Isn't that part of the appeal of photography as an "art?" It's about impressions, not necessarily reality. That's why, to me, when people shoot digital, and use white balance to get everything looking 'neutral,' the results are too sterile for my tastes.
When i look at old stuff from David Alan Harvey, for example:
http://davidalanharvey.com/#a=0&at=0&mi=2&pt=1&pi=10000&s=0&p=0
There's so much beauty in the variations of color temperature. I'm already used to seeing the way my eyes see/adjust for temperature. It's not interesting.
This isn't limited to photography. Go back to Van Gogh's "The Night Cafe."

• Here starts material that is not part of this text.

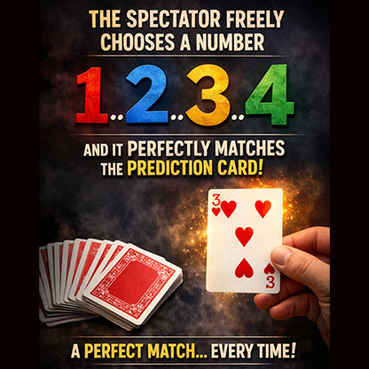 The spectator freely names a number, convinced they are deciding the outcome of the effect. The magician then removes the corresponding card... and miracle: it is exactly the same as the one printed on the back of the card the spectator has been holding since the start.
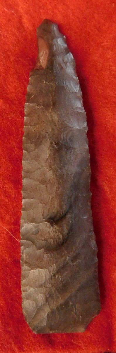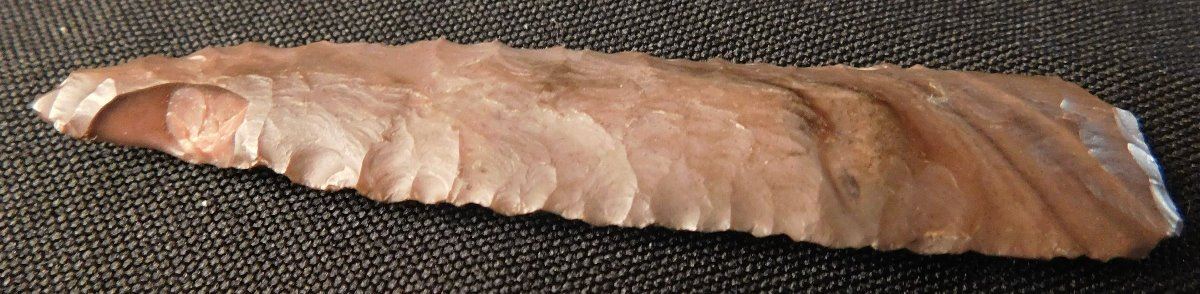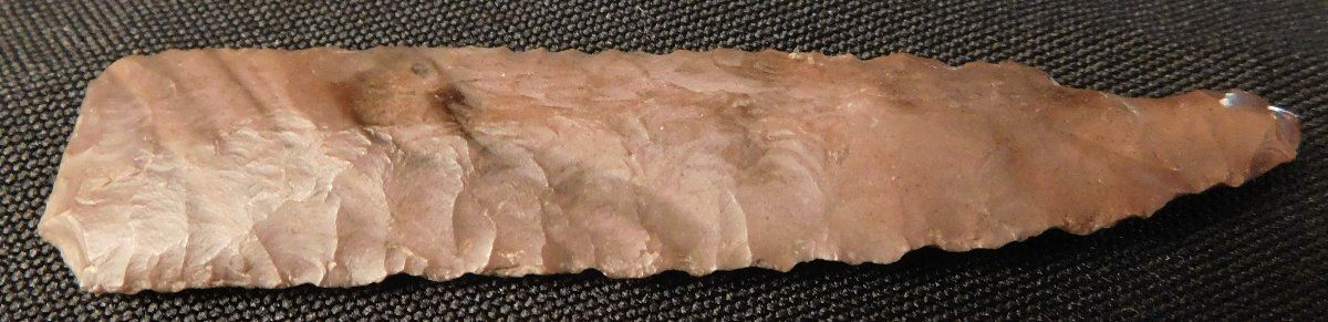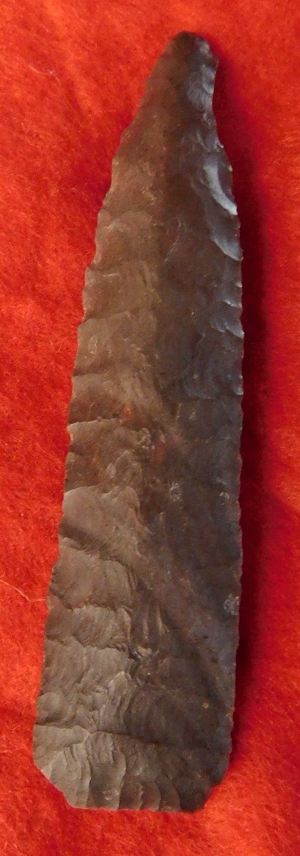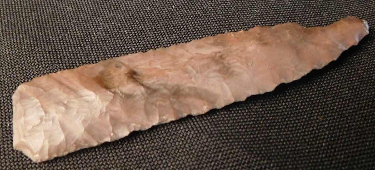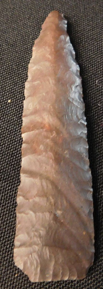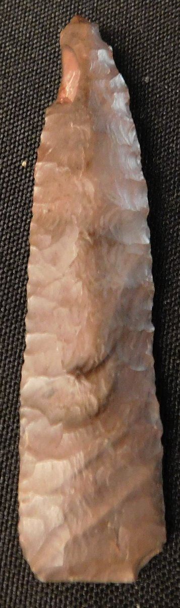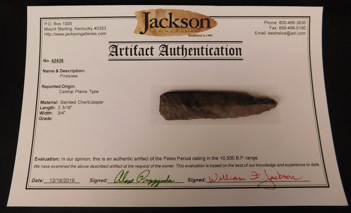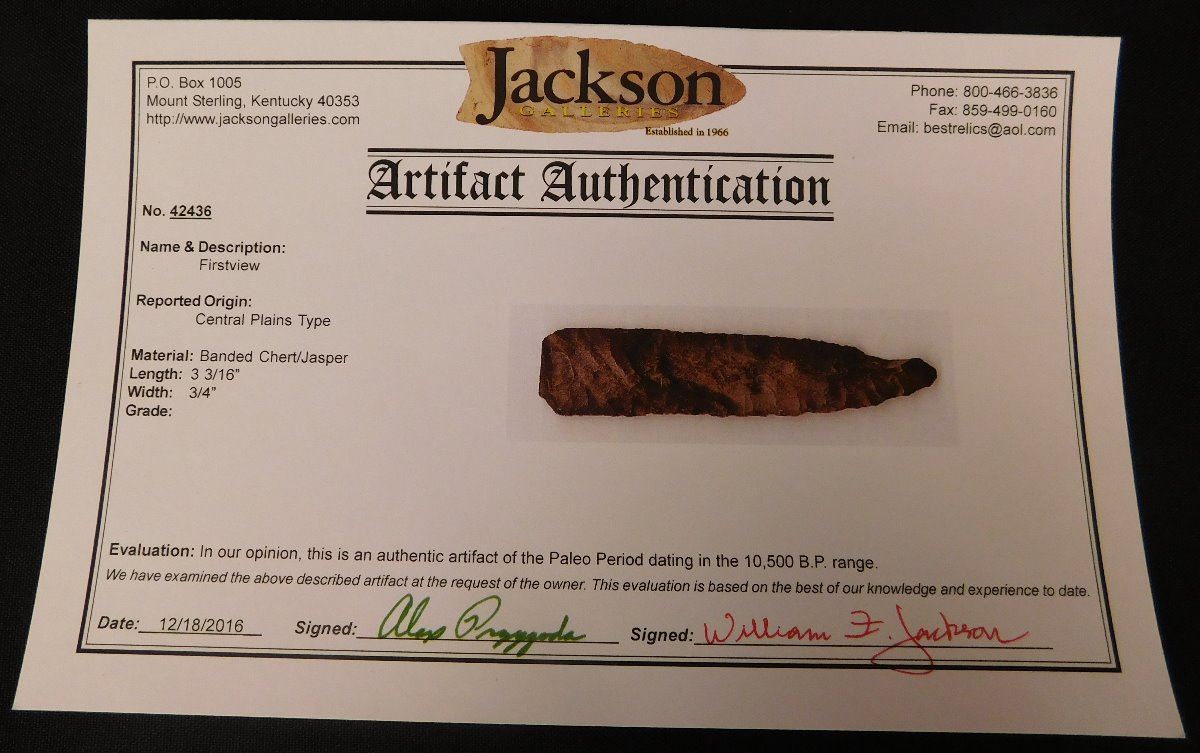 Paleo First View w/Jackson COA, circa 10,500 yrs B.P. Made of chert jasper, the item is 3 3/16" x 3/4". Central Plains. Parallel flaking. Condition: Some chips, damage, see images. Shipping: $16.50 w/insurance and signature.

http://en.wikipedia.org/wiki/The_Night_Café
Maybe that IS how his eyes saw things... as he was nutso, but if that image had been painted with 'neutral white balance,' it would lose quite a bit.
For the OP :
I kind of agree that your scanning software seems responsible for automatically 'fixing' the color. Don't you see the image in a preview window before committing to a final scan? Do you have a series of adjustment parameters that allow you to tweak color and/or deselect any auto color features?
The other thing, though, is that if you're hoping to get the same kind of color as demonstrated in your sample, you're going to have to shoot in light with the same color temperature all the time. If you want colors like that in other types of light, you may have to resort to either cross-processing your film, or using Photoshop (or an equivalent) to tweak things after the fact. There are plugins, like Nik Color Efex Pro that have settings for emulating Cross Balance or Cross Processing, as well as things like Bleach Bypass. Try a demo, perhaps.